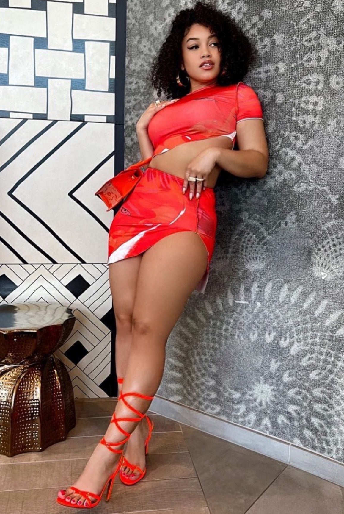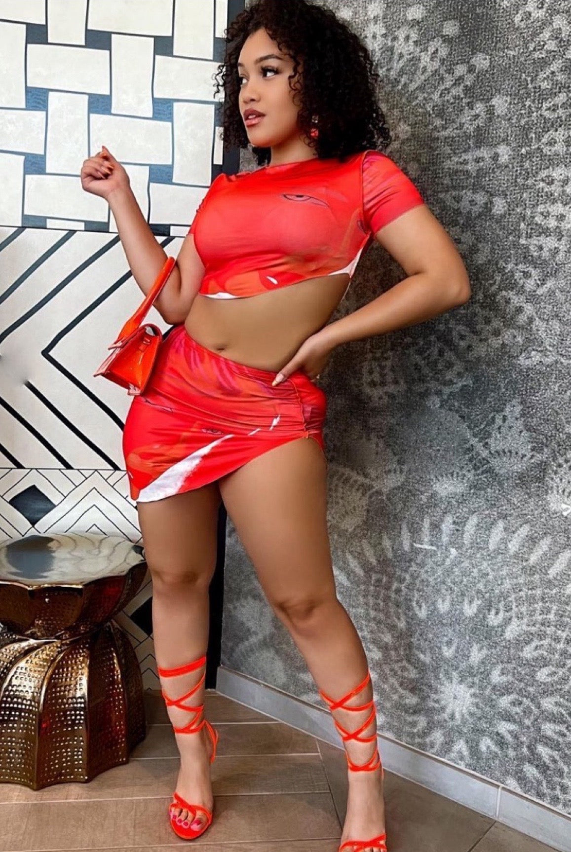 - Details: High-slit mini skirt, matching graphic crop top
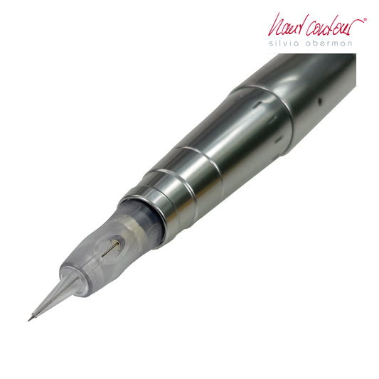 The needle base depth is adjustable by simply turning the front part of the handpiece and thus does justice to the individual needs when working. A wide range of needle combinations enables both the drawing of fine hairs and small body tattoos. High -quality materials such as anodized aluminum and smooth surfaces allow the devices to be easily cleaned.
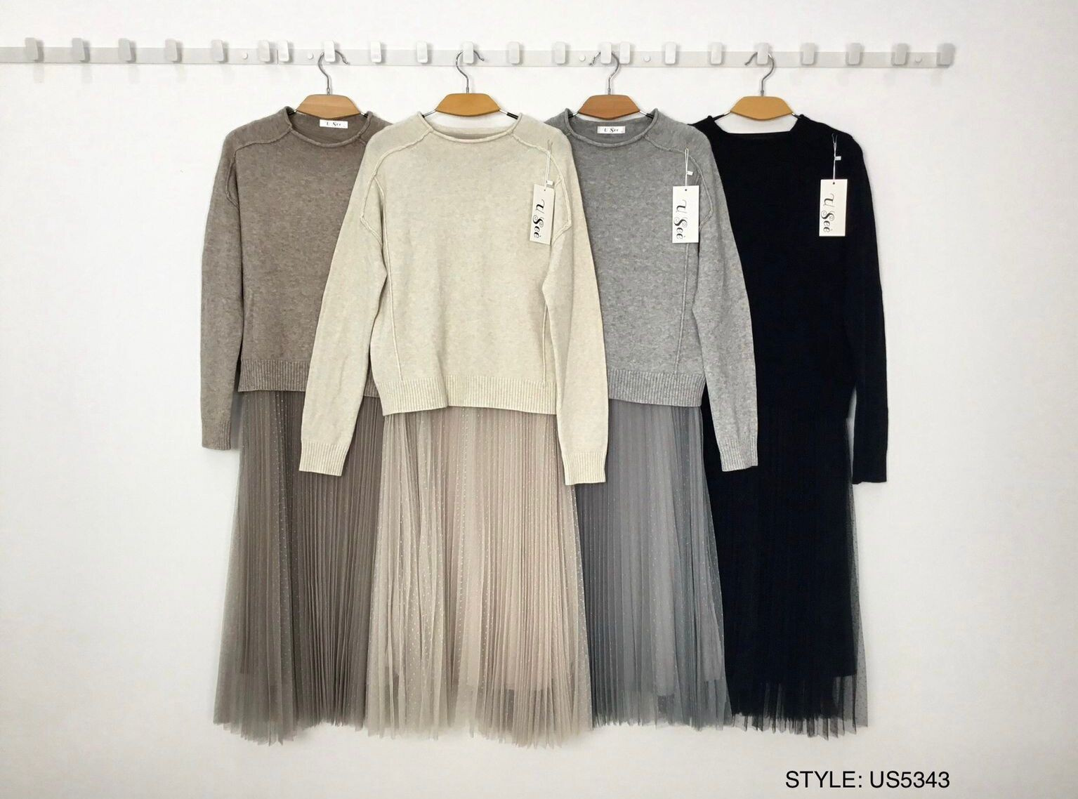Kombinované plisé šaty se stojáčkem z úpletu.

* * *

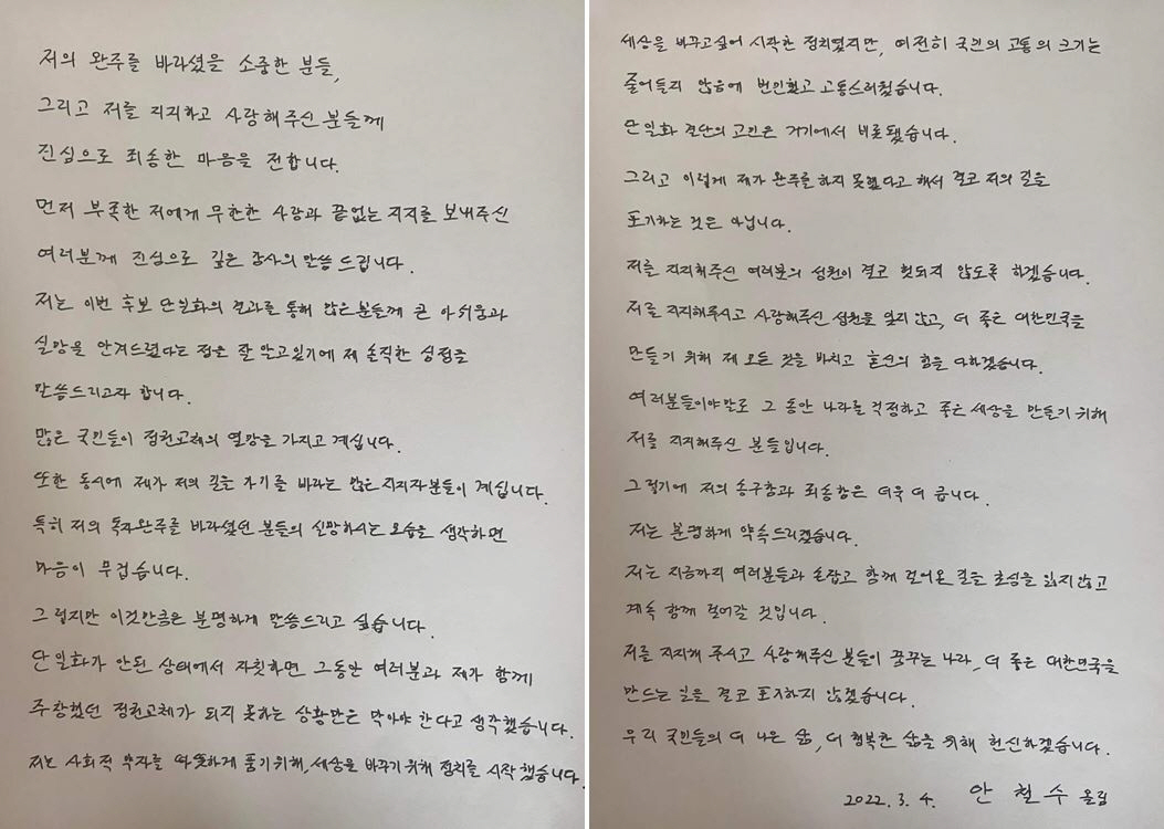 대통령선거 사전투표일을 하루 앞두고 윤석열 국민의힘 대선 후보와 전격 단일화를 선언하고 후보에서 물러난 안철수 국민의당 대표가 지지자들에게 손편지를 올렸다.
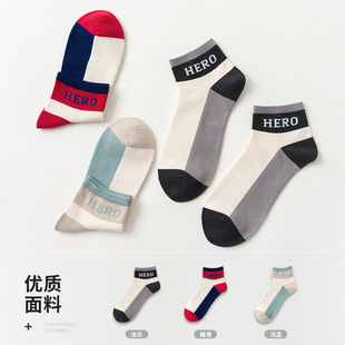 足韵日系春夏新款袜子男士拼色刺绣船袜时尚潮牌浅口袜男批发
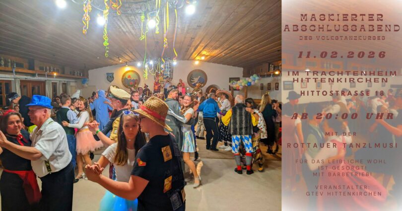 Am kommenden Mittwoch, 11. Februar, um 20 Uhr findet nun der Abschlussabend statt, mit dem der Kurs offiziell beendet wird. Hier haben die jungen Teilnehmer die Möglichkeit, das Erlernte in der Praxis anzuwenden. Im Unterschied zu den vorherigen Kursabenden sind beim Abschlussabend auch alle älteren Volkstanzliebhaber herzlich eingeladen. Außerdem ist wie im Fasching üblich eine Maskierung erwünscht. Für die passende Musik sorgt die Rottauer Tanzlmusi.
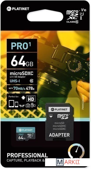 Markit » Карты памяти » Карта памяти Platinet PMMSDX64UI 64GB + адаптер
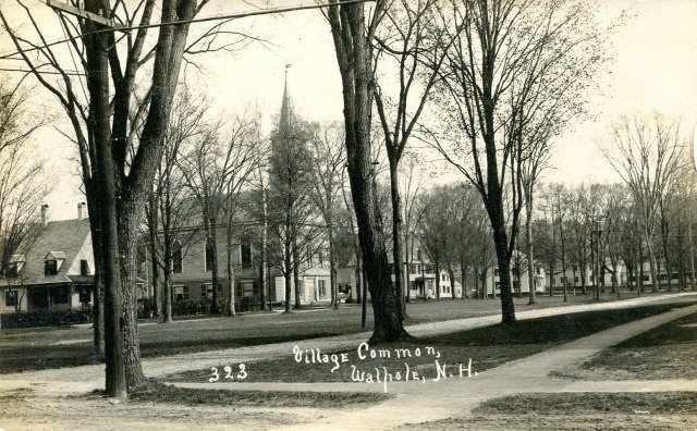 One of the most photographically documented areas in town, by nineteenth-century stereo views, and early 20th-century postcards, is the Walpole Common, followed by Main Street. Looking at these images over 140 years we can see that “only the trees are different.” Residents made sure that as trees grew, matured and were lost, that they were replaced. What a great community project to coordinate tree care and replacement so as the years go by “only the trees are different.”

--

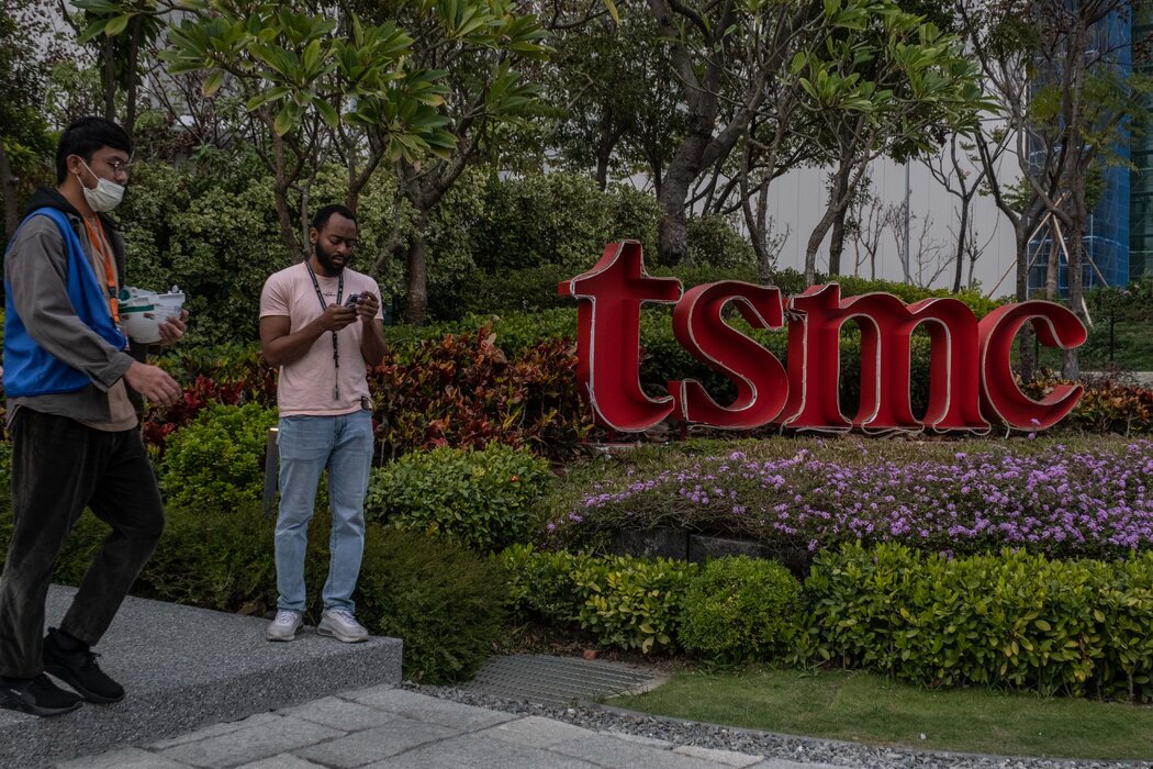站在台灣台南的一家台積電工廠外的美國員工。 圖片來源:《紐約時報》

● **WHAT THE EXERCISE ASKS**: Would you copy the lines above exactly, starting with the one that has "대통령선거 사전투표일을 하루" and ending with the one that has "64GB + адаптер", both included, without the pictures?

● **FINISHED EXERCISE**:
 대통령선거 사전투표일을 하루 앞두고 윤석열 국민의힘 대선 후보와 전격 단일화를 선언하고 후보에서 물러난 안철수 국민의당 대표가 지지자들에게 손편지를 올렸다.
 足韵日系春夏新款袜子男士拼色刺绣船袜时尚潮牌浅口袜男批发
 Am kommenden Mittwoch, 11. Februar, um 20 Uhr findet nun der Abschlussabend statt, mit dem der Kurs offiziell beendet wird. Hier haben die jungen Teilnehmer die Möglichkeit, das Erlernte in der Praxis anzuwenden. Im Unterschied zu den vorherigen Kursabenden sind beim Abschlussabend auch alle älteren Volkstanzliebhaber herzlich eingeladen. Außerdem ist wie im Fasching üblich eine Maskierung erwünscht. Für die passende Musik sorgt die Rottauer Tanzlmusi.
 Markit » Карты памяти » Карта памяти Platinet PMMSDX64UI 64GB + адаптер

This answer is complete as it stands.